** RECORDS TO PROCESS **
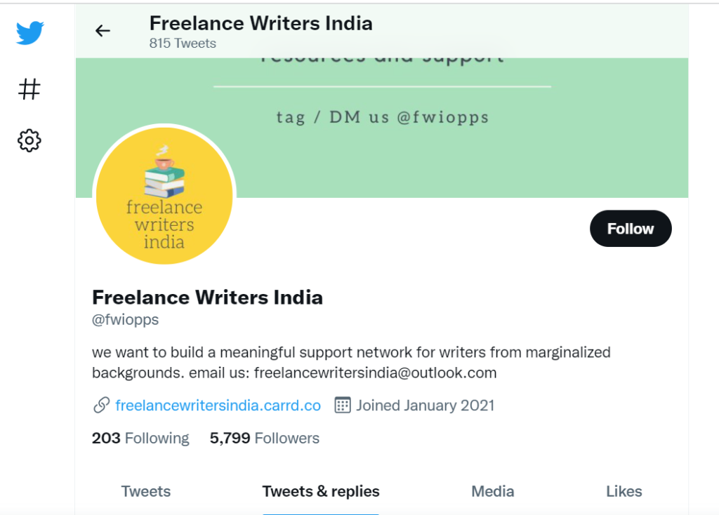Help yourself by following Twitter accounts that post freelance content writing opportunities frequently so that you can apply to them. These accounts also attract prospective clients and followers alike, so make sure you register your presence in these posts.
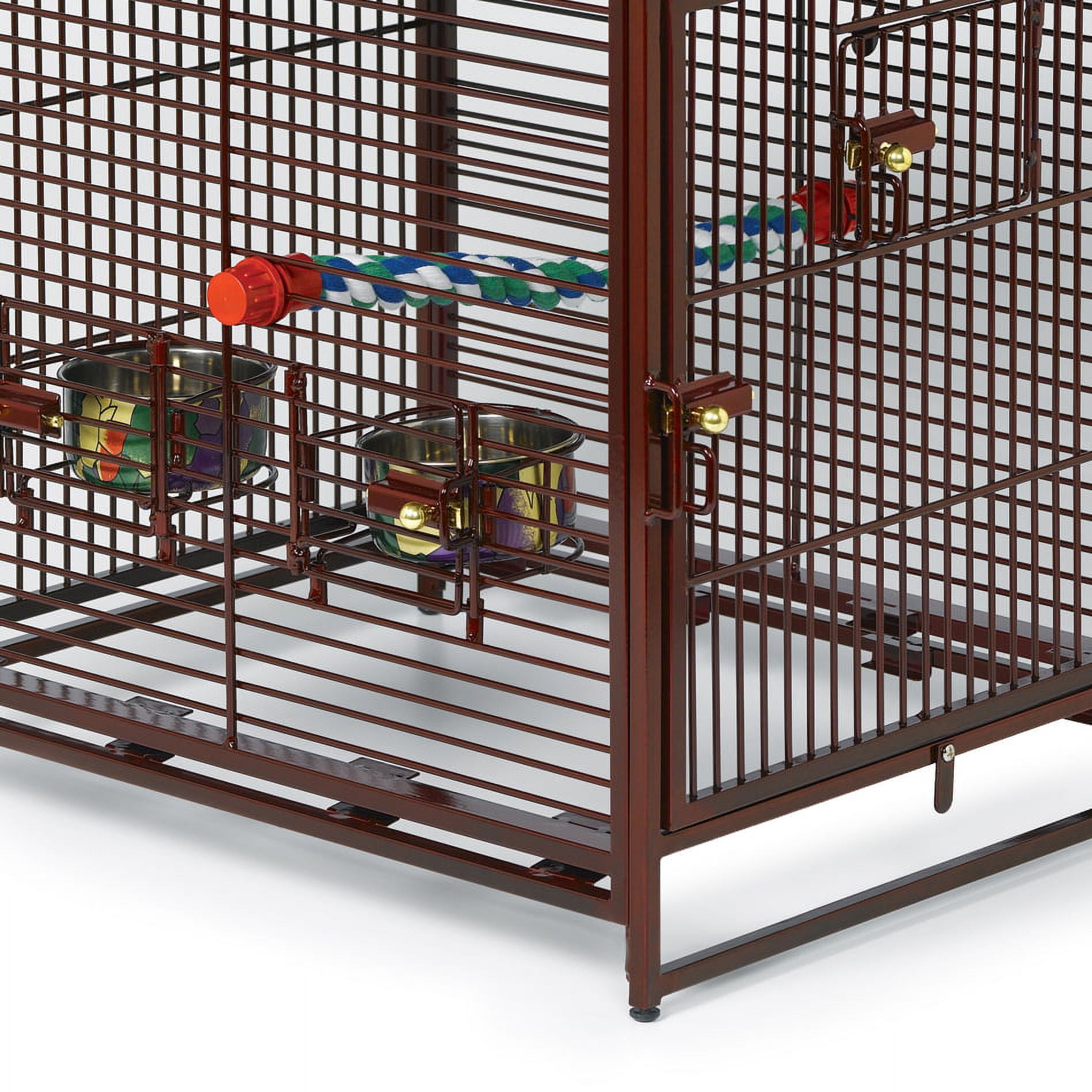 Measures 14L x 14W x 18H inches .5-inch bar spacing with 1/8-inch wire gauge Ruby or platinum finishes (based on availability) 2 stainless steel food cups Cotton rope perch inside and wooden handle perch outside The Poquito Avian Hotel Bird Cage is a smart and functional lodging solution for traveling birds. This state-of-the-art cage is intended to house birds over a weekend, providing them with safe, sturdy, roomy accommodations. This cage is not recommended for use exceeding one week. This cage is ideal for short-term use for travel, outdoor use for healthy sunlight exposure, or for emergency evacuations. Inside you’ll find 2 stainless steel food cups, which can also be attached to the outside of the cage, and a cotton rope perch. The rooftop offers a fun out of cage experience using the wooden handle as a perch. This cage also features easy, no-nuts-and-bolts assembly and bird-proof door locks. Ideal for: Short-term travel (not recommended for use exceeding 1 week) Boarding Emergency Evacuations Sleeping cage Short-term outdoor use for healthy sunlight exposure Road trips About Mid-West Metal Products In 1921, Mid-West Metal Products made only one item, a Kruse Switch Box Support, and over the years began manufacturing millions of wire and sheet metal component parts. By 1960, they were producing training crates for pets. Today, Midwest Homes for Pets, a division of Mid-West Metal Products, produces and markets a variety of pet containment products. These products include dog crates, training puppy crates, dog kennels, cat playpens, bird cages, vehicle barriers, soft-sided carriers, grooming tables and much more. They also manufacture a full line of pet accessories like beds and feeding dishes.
* * *
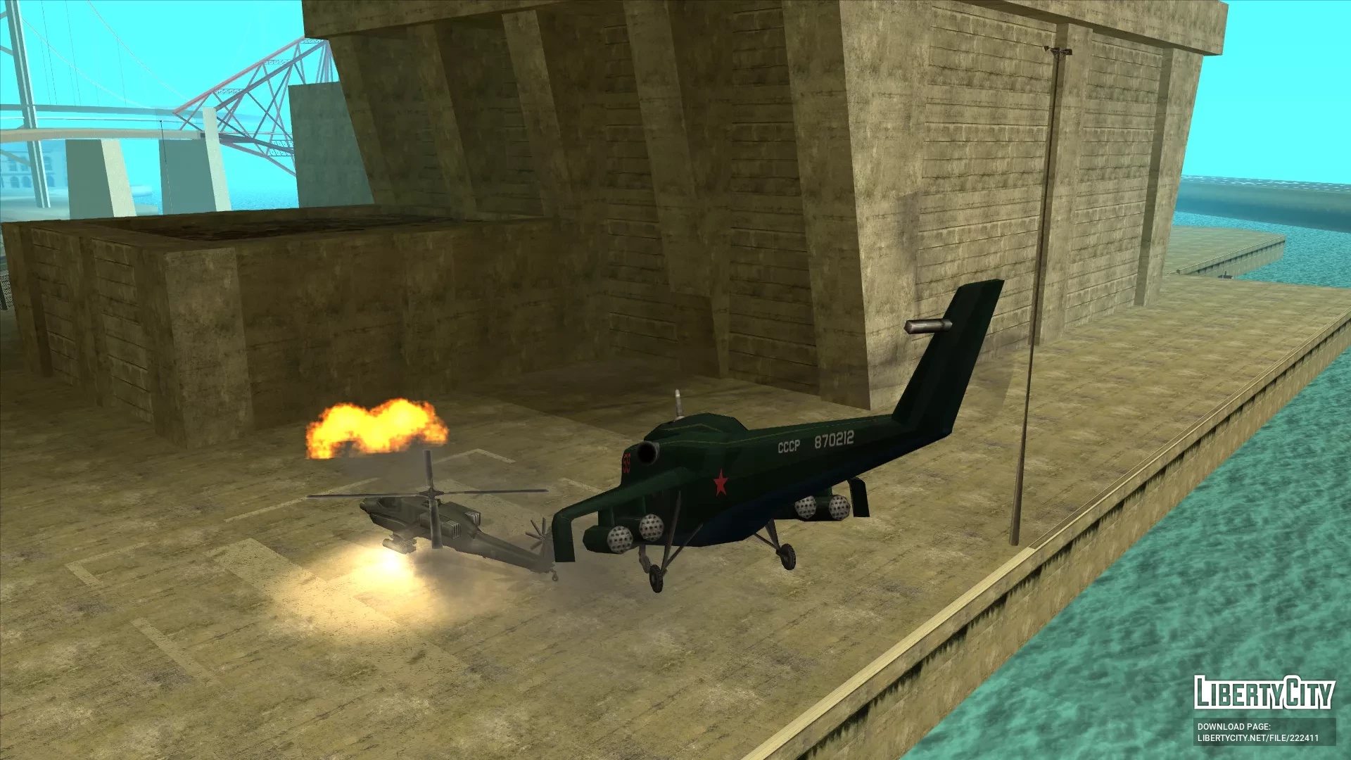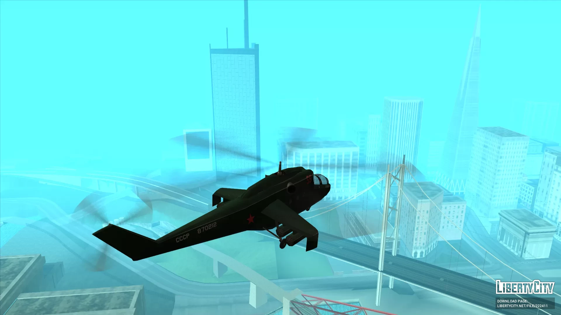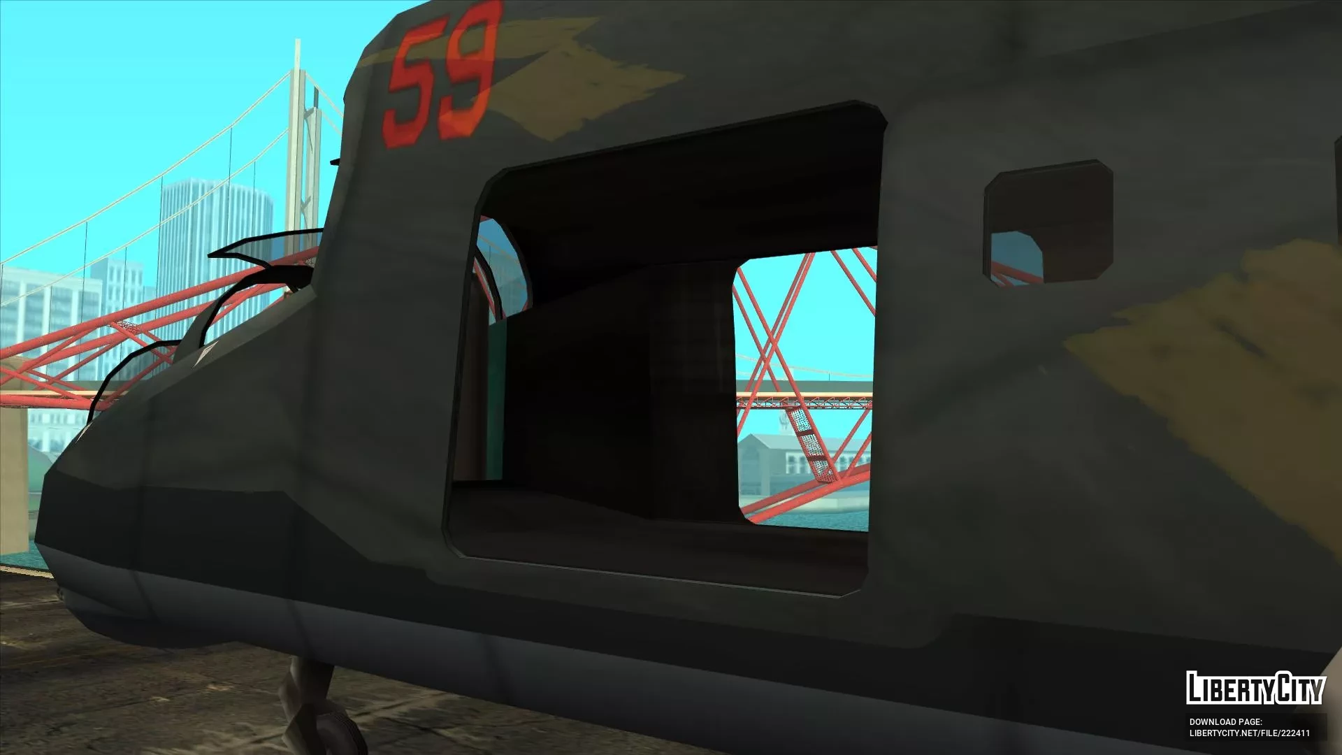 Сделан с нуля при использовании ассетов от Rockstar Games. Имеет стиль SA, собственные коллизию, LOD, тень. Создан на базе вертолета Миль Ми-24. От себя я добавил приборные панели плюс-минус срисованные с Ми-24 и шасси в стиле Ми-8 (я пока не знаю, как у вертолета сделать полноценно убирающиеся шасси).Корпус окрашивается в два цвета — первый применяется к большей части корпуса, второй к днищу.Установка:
* * *
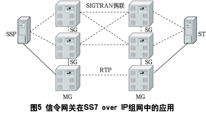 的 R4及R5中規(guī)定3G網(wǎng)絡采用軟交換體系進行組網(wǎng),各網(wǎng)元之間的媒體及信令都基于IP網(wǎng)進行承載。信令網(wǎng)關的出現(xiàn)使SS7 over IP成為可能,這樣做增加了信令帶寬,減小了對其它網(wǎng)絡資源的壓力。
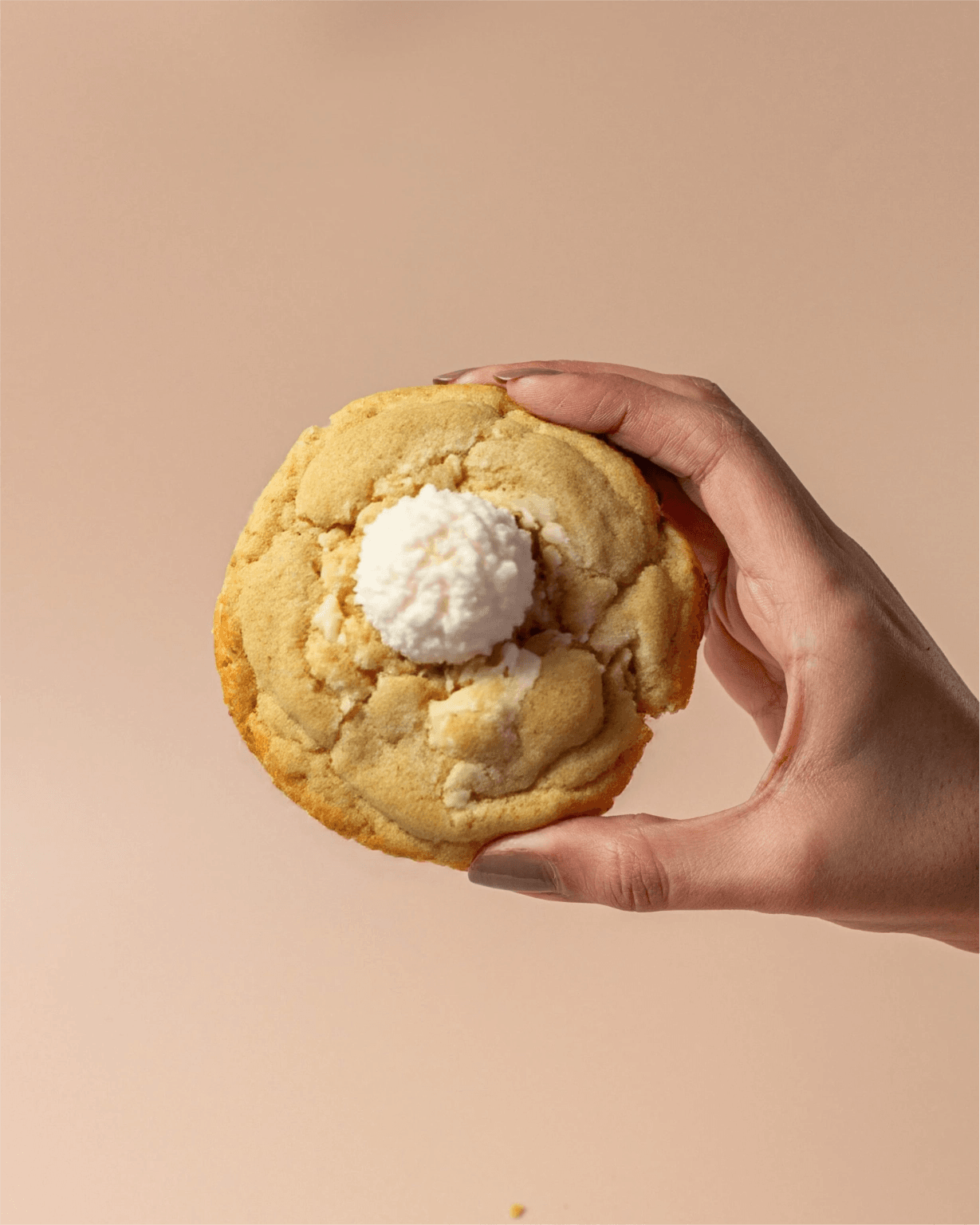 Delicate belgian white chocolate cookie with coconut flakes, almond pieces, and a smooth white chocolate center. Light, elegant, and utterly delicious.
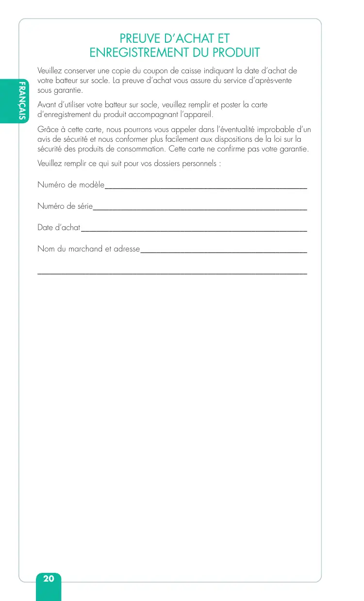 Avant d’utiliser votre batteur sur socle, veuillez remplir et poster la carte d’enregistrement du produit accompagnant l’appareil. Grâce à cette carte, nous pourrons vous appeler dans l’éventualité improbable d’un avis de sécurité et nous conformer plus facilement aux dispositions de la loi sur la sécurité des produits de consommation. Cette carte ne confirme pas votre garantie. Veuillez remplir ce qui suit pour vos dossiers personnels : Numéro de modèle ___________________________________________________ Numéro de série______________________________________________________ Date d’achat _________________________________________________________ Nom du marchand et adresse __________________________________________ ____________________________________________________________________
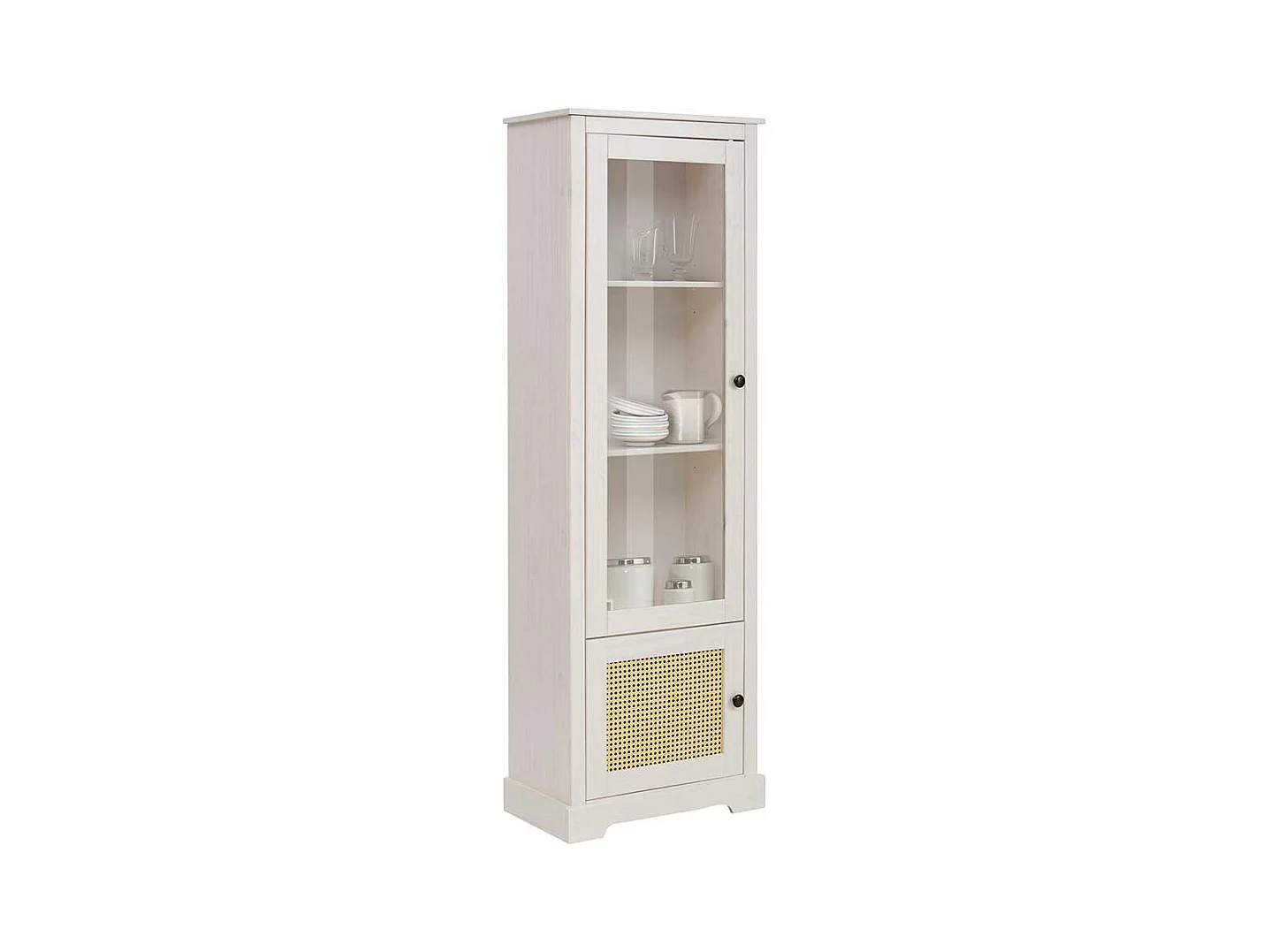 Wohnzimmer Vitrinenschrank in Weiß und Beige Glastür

** REQUIREMENT **
Between and including the line with "Delicate belgian white" and the line with "Wohnzimmer Vitrinenschrank in", repeat every line exactly as it appears above, with pictures left out.

** SOLUTION FOR THIS PROBLEM **
 Delicate belgian white chocolate cookie with coconut flakes, almond pieces, and a smooth white chocolate center. Light, elegant, and utterly delicious.
 Avant d’utiliser votre batteur sur socle, veuillez remplir et poster la carte d’enregistrement du produit accompagnant l’appareil. Grâce à cette carte, nous pourrons vous appeler dans l’éventualité improbable d’un avis de sécurité et nous conformer plus facilement aux dispositions de la loi sur la sécurité des produits de consommation. Cette carte ne confirme pas votre garantie. Veuillez remplir ce qui suit pour vos dossiers personnels : Numéro de modèle ___________________________________________________ Numéro de série______________________________________________________ Date d’achat _________________________________________________________ Nom du marchand et adresse __________________________________________ ____________________________________________________________________
 Wohnzimmer Vitrinenschrank in Weiß und Beige Glastür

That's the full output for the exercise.